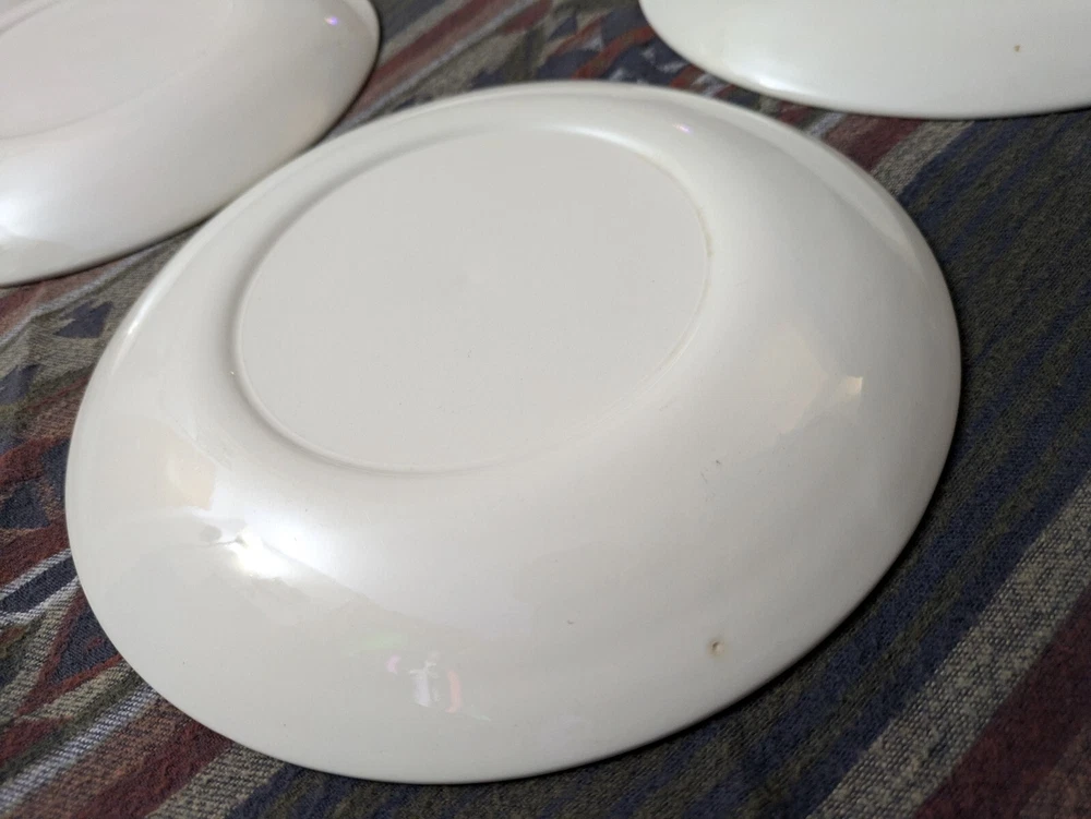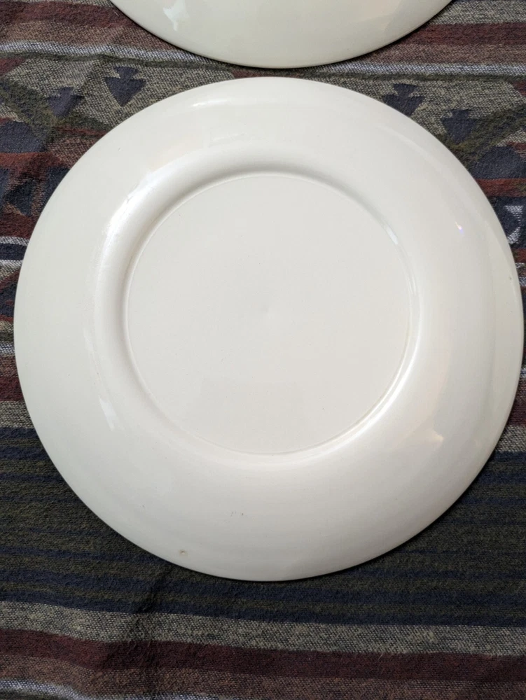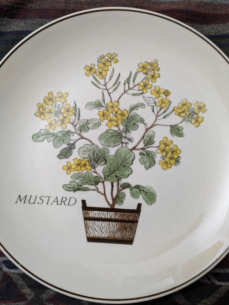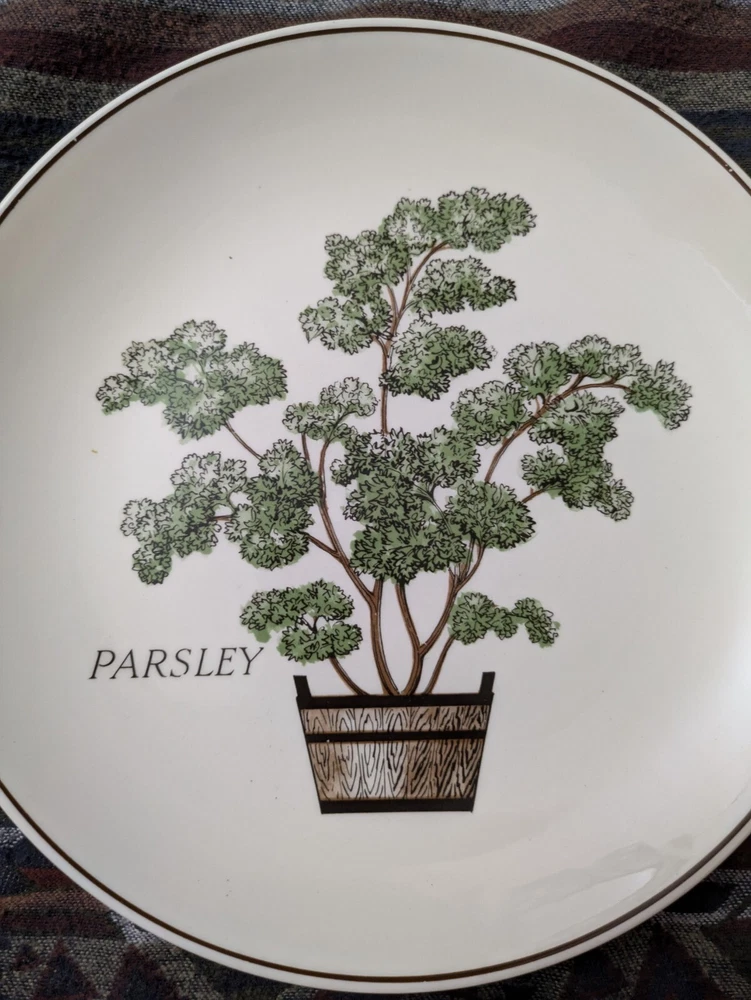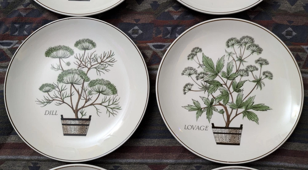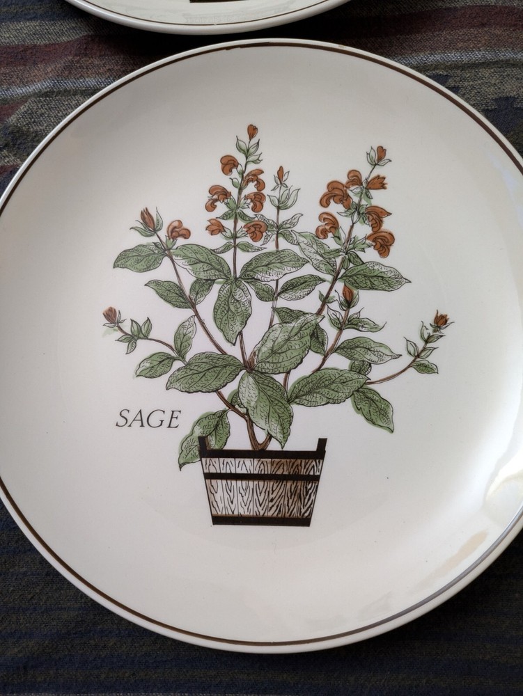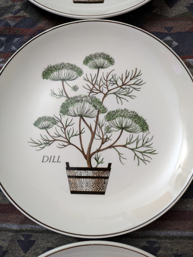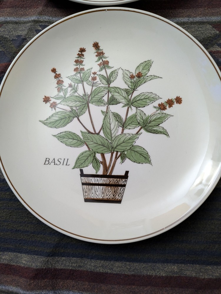 Vintage Set of 4 Herb Plates 8.5 Inch 1950s/1960s. Plates show minimal wear, some scratching from use no nicks or cracks. Each plate measures 8.25 inches across and features the name of the herb along with a colorful depiction. Plates are unmarked. Each has a small divot in the back. Each plate is a different herb. -Basil -Sage -Lovage -Dill -Chives -Borage -Paraley -Mustard
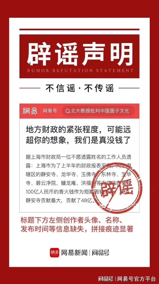 经查,犯罪嫌疑人孙某民主要在长三角地区从事各类商贸活动,其在与他人交往中,时常吹嘘自己能够得到“内部消息”,以营造自己“消息灵通”以及“人脉宽广”的人设。为了让自己的人设更具有可信度,孙某民又学会了使用图片编辑软件,将自己捕风捉影的信息与知名媒体的报头拼接后发给他人,以证实自己消息来源的可靠性。 孙某民编造了“上海财政紧张向寺庙借款100亿”的内容,并从网上搜索了大量上海寺院的名称,然后使用软件添加标志制作成谣言图片,发送给好友,最终造成谣言扩散,形成恶劣社会影响。
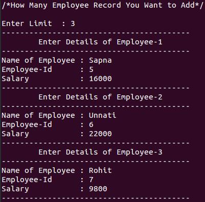 printf("/*How Many Employee Record You Want to Add*/\n\nEnter Limit : ");
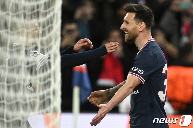(파리 AFP=뉴스1) 우동명 기자 = 파리 생제르맹(PSG)의 리오넬 메시가 19일(현지시간) 파리의 파르크 데 프랭스에서 열린 라이프치히와 UEFA 챔피언스리그 조별리그 라이프치히와 경기서 골을 넣은 뒤 기뻐하고 있다.
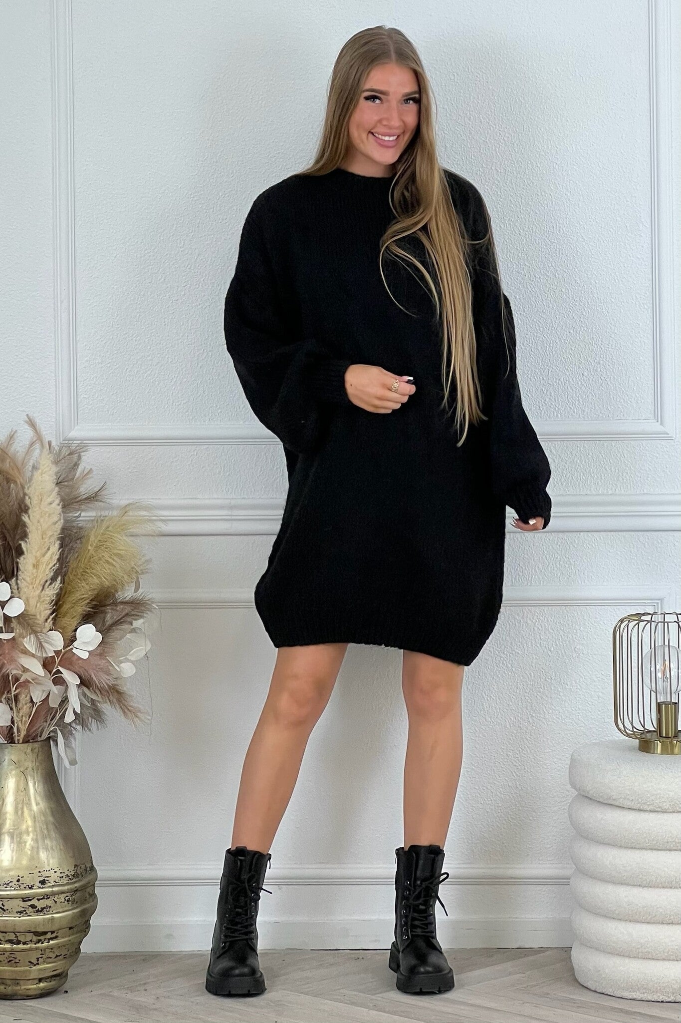 Cozy Knitted Sweater Dress - Black
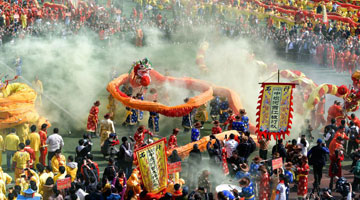 2月21日,演员延翔宇在澳大利亚悉尼“四海同春”访演活动上表演杂技《十面埋伏》。
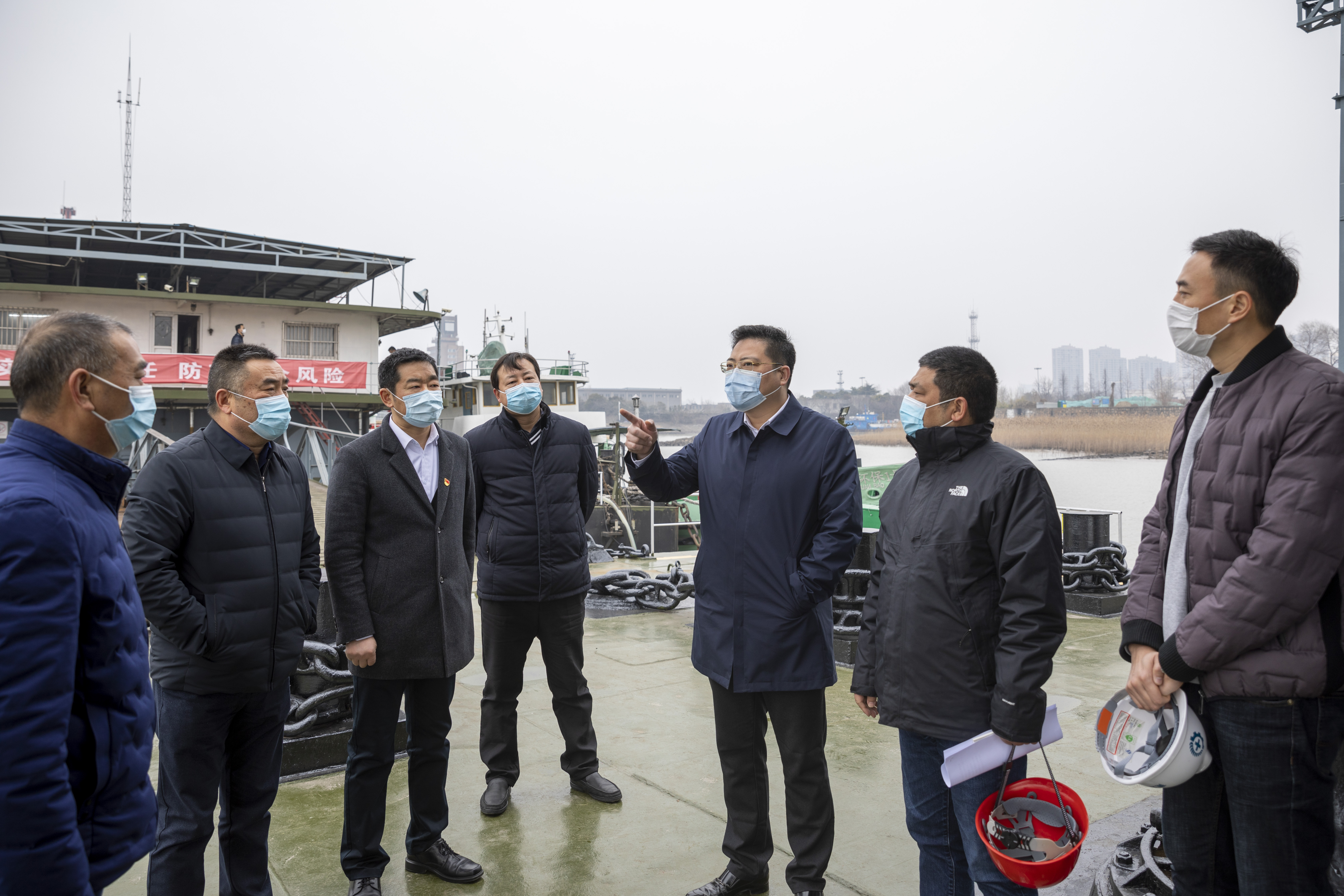 檢查組一行來(lái)到輪駁公司任港基地,聽(tīng)取了公司關(guān)于安全生產(chǎn)、疫情防控等專項(xiàng)工作匯報(bào),實(shí)地查看了防疫物資儲(chǔ)備等情況。在躉船辦公室,潘世華詳細(xì)了解拖輪作業(yè)情況及日常巡檢安全細(xì)節(jié),仔細(xì)詢問(wèn)當(dāng)班人員工作情況,鼓勵(lì)大家立足崗位、踏實(shí)工作,為安全生產(chǎn)保駕護(hù)航。
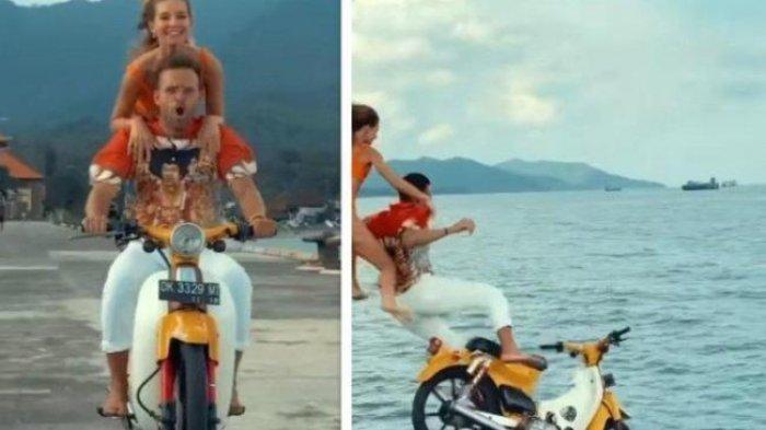 Melalui video itu terlihat seorang pria yang merupakan influencer asal Rusia mengemudikan sepeda motor bersama seorang teman wanita yang berdiri dengan satu kaki di jok belakang saat dia memasukkan motornya ke air.
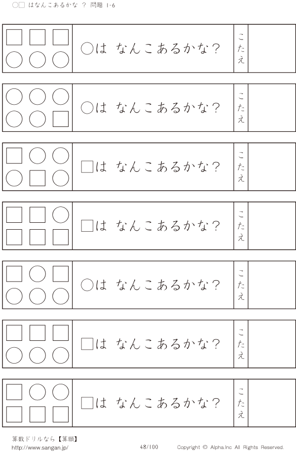 ○□はなんこかな?1-6-[プリント一覧] [問題]048/100

---------------

• **GOAL OF THE EXERCISE**
Take the entries above and set them down exactly, minus the pictures.

• **RESPONSE TO THIS EXERCISE**
 Vintage Set of 4 Herb Plates 8.5 Inch 1950s/1960s. Plates show minimal wear, some scratching from use no nicks or cracks. Each plate measures 8.25 inches across and features the name of the herb along with a colorful depiction. Plates are unmarked. Each has a small divot in the back. Each plate is a different herb. -Basil -Sage -Lovage -Dill -Chives -Borage -Paraley -Mustard
 经查,犯罪嫌疑人孙某民主要在长三角地区从事各类商贸活动,其在与他人交往中,时常吹嘘自己能够得到“内部消息”,以营造自己“消息灵通”以及“人脉宽广”的人设。为了让自己的人设更具有可信度,孙某民又学会了使用图片编辑软件,将自己捕风捉影的信息与知名媒体的报头拼接后发给他人,以证实自己消息来源的可靠性。 孙某民编造了“上海财政紧张向寺庙借款100亿”的内容,并从网上搜索了大量上海寺院的名称,然后使用软件添加标志制作成谣言图片,发送给好友,最终造成谣言扩散,形成恶劣社会影响。
 printf("/*How Many Employee Record You Want to Add*/\n\nEnter Limit : ");
(파리 AFP=뉴스1) 우동명 기자 = 파리 생제르맹(PSG)의 리오넬 메시가 19일(현지시간) 파리의 파르크 데 프랭스에서 열린 라이프치히와 UEFA 챔피언스리그 조별리그 라이프치히와 경기서 골을 넣은 뒤 기뻐하고 있다.
 Cozy Knitted Sweater Dress - Black
 2月21日,演员延翔宇在澳大利亚悉尼“四海同春”访演活动上表演杂技《十面埋伏》。
 檢查組一行來(lái)到輪駁公司任港基地,聽(tīng)取了公司關(guān)于安全生產(chǎn)、疫情防控等專項(xiàng)工作匯報(bào),實(shí)地查看了防疫物資儲(chǔ)備等情況。在躉船辦公室,潘世華詳細(xì)了解拖輪作業(yè)情況及日常巡檢安全細(xì)節(jié),仔細(xì)詢問(wèn)當(dāng)班人員工作情況,鼓勵(lì)大家立足崗位、踏實(shí)工作,為安全生產(chǎn)保駕護(hù)航。
 Melalui video itu terlihat seorang pria yang merupakan influencer asal Rusia mengemudikan sepeda motor bersama seorang teman wanita yang berdiri dengan satu kaki di jok belakang saat dia memasukkan motornya ke air.
 ○□はなんこかな?1-6-[プリント一覧] [問題]048/100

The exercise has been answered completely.